[DATASET EXCERPT]:
┌────────

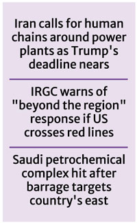 TEHRAN, Apr 7 (AP): Iranian officials on Tuesday urged young people to form human chains to protect power plants, as US President Donald Trump warned that a "whole civilization will die tonight" if Tehran does not meet his latest deadline to agree to a deal that includes reopening the Strait of Hormuz.
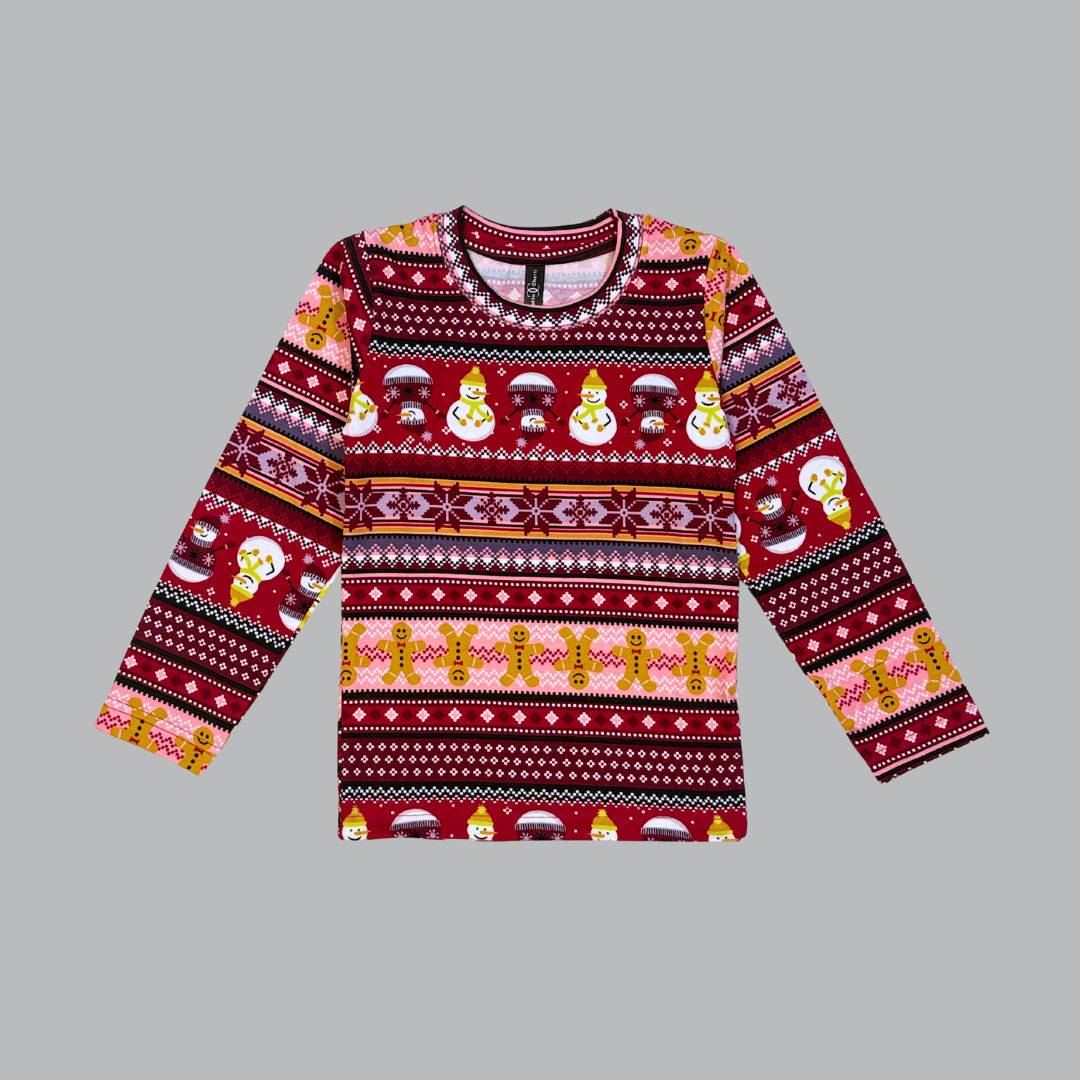 Christmas Snowman Fairisle Full Sleeve Kids Coord Set (Unisex) - Full Sleeve T-Shirt and Full Pant
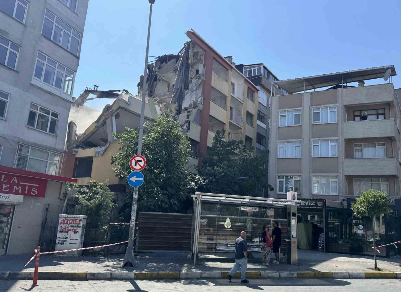 Bahçelievler'deki yıkımda 3 kat birden çökünce bina önündeki otobüs durağında bekleyenler büyük panik yaşadı

└────────

[TASK TO CARRY OUT]:
With the pictures removed, set down every line of the listing above exactly.

[FINAL ANSWER]:
 TEHRAN, Apr 7 (AP): Iranian officials on Tuesday urged young people to form human chains to protect power plants, as US President Donald Trump warned that a "whole civilization will die tonight" if Tehran does not meet his latest deadline to agree to a deal that includes reopening the Strait of Hormuz.
 Christmas Snowman Fairisle Full Sleeve Kids Coord Set (Unisex) - Full Sleeve T-Shirt and Full Pant
 Bahçelievler'deki yıkımda 3 kat birden çökünce bina önündeki otobüs durağında bekleyenler büyük panik yaşadı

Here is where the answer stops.